81 patients received TVP. Of them, 19 had PHT. CHF was more frequent in patients with PHT (53 vs 26%, p=0.03). There were no differences in natremia at the start of treatment (126±1.3 vs 128±0.6mEq/l). There was a delay in the correction of hyponatremia in the PHT subgroup over the first month, being the final serum sodium concentration 135±1.6 vs 139±0.8mEq/l (p=0.02). We found no difference in survival.

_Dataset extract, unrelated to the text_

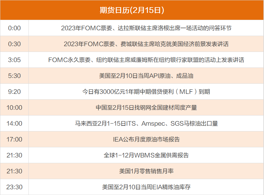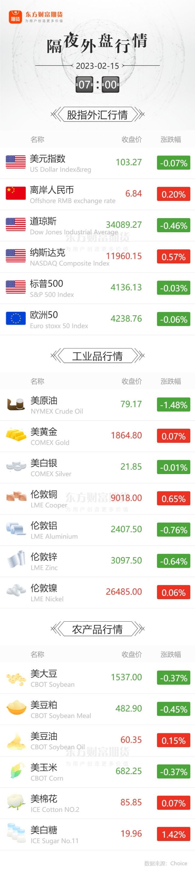 外盘收报![]() 每日精选美国1月CPI同比上涨6.4% 高于预期 油市供应将趋紧!OPEC上调今年全球原油需求预期 “一号文件”持续聚焦大豆扩种 大豆进口依赖度有望连年降低 拜登政府欲再释放2600万桶原油 此举背后有何玄机? 全球第二大铜矿因暴雨停产 铜资源短缺冲击市场 宏观产经财联社:美国1月CPI同比上涨6.4%,预估上涨6.2%,前值为上涨6.5%。美国1月CPI环比上涨0.5%,预估上涨0.5%,前值为下降0.1%。 央视新闻:欧洲议会在斯特拉斯堡以340票赞成,279票反对和21票弃权,通过了欧委会和欧洲理事会达成的《2035年欧洲新售燃油轿车和小货车零排放协议》。这也表明,欧洲将在2035年停售新的燃油轿车和小货车。按照协议内容,欧盟的中期目标是在2030年实现燃油轿车减排55%,小货车减排50%。之后,该协议将交由欧洲理事会通过并最终实施。 中国新闻网:近日,农业农村部印发《关于进一步做好机械化播种质量提升工作的通知》,要求各级农业农村部门将提升机播质量摆到粮油生产工作和农业机械化工作重要位置,加强组织领导,从今年春耕春播开始,迅速行动、常抓不懈,为实施主要粮油作物单产提升行动增强机械化支撑。 品种资讯黑色系&有色系期货 螺纹钢:2月上旬,21个城市5大品种钢材社会库存1341万吨,环比增加183万吨,上升15.8%,库存上升幅度有所收窄;比年初增加589万吨,上升78.3%;比上年同期增加105万吨,上升8.5%。(中钢协) 2月14日,全国174家长、短流程代表钢厂废钢库存总量373.85万吨,较昨日增3.32万吨,增0.89%;库存周转天10.4天,较昨日持平;日消耗总量30.47万吨,较昨日增2.43%;日到货总量33.78万吨,较昨日增4.4%。 2月14日,沙钢废钢下调50元/吨。调后执行价:重一3210重二3180重三3150,含税13%,具体废钢价格以2023-F2价格为准。(Mysteel) 铁矿石:2月6日-12日,澳大利亚、巴西七个主要港口铁矿石库存总量1260.4万吨,周环比增加143.8万吨,处于近半年的高位水平。(Mysteel) 煤炭:随着煤炭价格的持续下跌,各方观望情绪较浓,贸易商出货意愿不强,市场交易冷淡。货盘有少量释放,沿海煤炭运价底部企稳。(上海航运交易所) 有色金属:铝库存增加24825吨,铜库存增加1225吨,镍库存减少1248吨,铅库存持平,锡库存减少5吨,锌库存减少600吨。(伦敦金属交易所LME) 铜:2月13日,据路透社消息,美国矿业巨头自由港麦克莫兰(Freeport-McMoRan)位于印尼的铜矿格拉斯伯格(Grasberg)于上周末因暴雨导致洪水和泥石流而停产,预计该矿要到本月底才能恢复运营。(界面新闻) 工业硅:硅业分会指出,虽然目前硅片阶段性供不应求,涨价也在情理之中,但仍需考虑一季度整体需求运行情况,因此预计短期内硅片涨速或将放缓,甚至持稳运行。(证券日报网) 农产品期货 生猪:据农业农村部监测,截至2月14日14:00时,全国农产品批发市场猪肉平均价格为20.32元/公斤,与昨天持平;鸡蛋10.30元/公斤,比昨天上升0.3%。(新华财经) 据对全国流通领域9大类50种重要生产资料市场价格的监测显示,2023年2月上旬与1月下旬相比,12种产品价格上涨,35种下降,3种持平。其中,生猪(外三元)价格为14元/千克,较1月下旬相比下降2.1%。(国家统计局) 大豆:中央农办主任、农业农村部部长唐仁健表示,健全种粮农民收益保障机制,继续提高小麦最低收购价,合理确定稻谷最低收购价,稳定稻谷补贴,完善玉米大豆生产者补贴,提高大豆补贴力度,推动扩大大豆政策性收储和市场化收购,逐步扩大稻谷、小麦、玉米完全成本保险和种植收入保险实施范围,完善农资保供稳价应对机制。同时还要健全主产区利益补偿机制,增加产粮大县的奖励资金规模。(中国网) 截止到2月13日,巴西各港口大豆对华排船计划总量为631.3万吨,较2月6日增加82.9万吨。发船方面,2月份以来巴西港口对中国已发船总量为178.4万吨,较2月6日增加120万吨。(Mysteel) 玉米:2022年,全国工业饲料总产量30223.4万吨,比上年增长3.0%;全国饲料生产企业的玉米用量比上年增加30.1%,在配合饲料中的比例比上年提高7.0个百分点。(中国饲料工业协会) 小麦:市场交易人士愈发担心俄乌冲突会走向恶化,从而影响黑海谷物出口协议的前景。这一顾虑反映在了市场上,周一芝加哥小麦期货价格接近两个多月来的最高水平。(财联社) 能化期货 原油:周二(2月14日),拜登政府表示,计划从战略石油储备(SPR)中出售更多原油,这是美国国会2015年时为本财年制定的预算授权的一部分。美国国会授权的此次出售规模为2600万桶原油,预计交付日期为4月1日至6月30日。目前美国的战略储备总量约为3.71亿桶。在这次出售计划实施之后,战略储备将下降到大约3.45亿桶。(财联社) 欧佩克月报显示,2023年全球原油需求增速预测为230万桶/日,此前预计为222万桶/日。将俄罗斯2023年石油产量预测从1018万桶/日下调至1013万桶/日。(财联社) 玻璃:目前多地产销一般,下游需求启动缓慢,多数企业产销尚不能做平,原片企业库存持续上涨下,不乏个别企业价格灵活调整,整体观望情绪偏浓。预计明日价格弱稳整理,运行区间在1680—1686元/吨。(隆众资讯) 纯碱:昨日,国内纯碱市场走势淡稳,价格相对坚挺。据了解,金山(孟州)厂区装置停车检修,预计检修4天,其他装置平稳运行。企业出货顺畅,产销平衡,库存延续低位震荡态势。下游需求维稳运行,轻质表现不温不火,重碱需求尚可。从趋势看,短期现货持稳运行。(隆众资讯) 环球视野波罗的海干散货运价指数:跌53点或8.6%,报563点,为

In the PHT subgroup, 8 had confirmed cirrhosis and 11 severe CHF. The cause of cirrhosis was hepatitis C (n=3), alcohol (n=4) and unknown (n=1). 4 had hepatocellular carcinoma. Mean MELD score at the time of receiving tolvaptan was 12±2.3. Only one patient received a liver transplant 4 months after treatment with TVP. Cirrhotics had significant comorbidities (13% CHF; 13% microcytic lung cancer; 75% squamous cell carcinoma; 25% SIADH) and polypharmacy (13% antidepressants; 38% diuretics; 13% antiepileptics; 38% benzodiazepines; 13% cytostatics; 13% antipsychotics). Cirrhotics had fewer episodes of hyponatremia (8.4±1.1 vs 10.6±2.8), although not statistically significant. There was a trend for TVP treatment to be longer in cirrhotics (23.2±7.4 vs7.3±2.6 days, p=0.07). We studied the delay in hyponatremia correction observed in patients with PHT: it was attributable to patients with CHF, in whom the mean increase in serum sodium concentration over the first month was 1.4±1.9 vs 7.2±1mEq/l in cirrhotic patients (p=0.03). Median survival time was 105 weeks (CI95% 0-239) in CHF vs 5 weeks (CI95% 3-7) in cirrhotics, but was not statisticallt significant.

Conclusion

Even though TVP is approved for its use in hyponatremia associated to advanced cirrhosis as a bridge to liver transplant, in our centre its use is reserved to patients with significant comorbidities that can contribute to the development of hyponatremia and worsen its prognosis. Presence of ascites in CHF as a surrogate for PHT complicates management, delaying the correction of hyponatremia.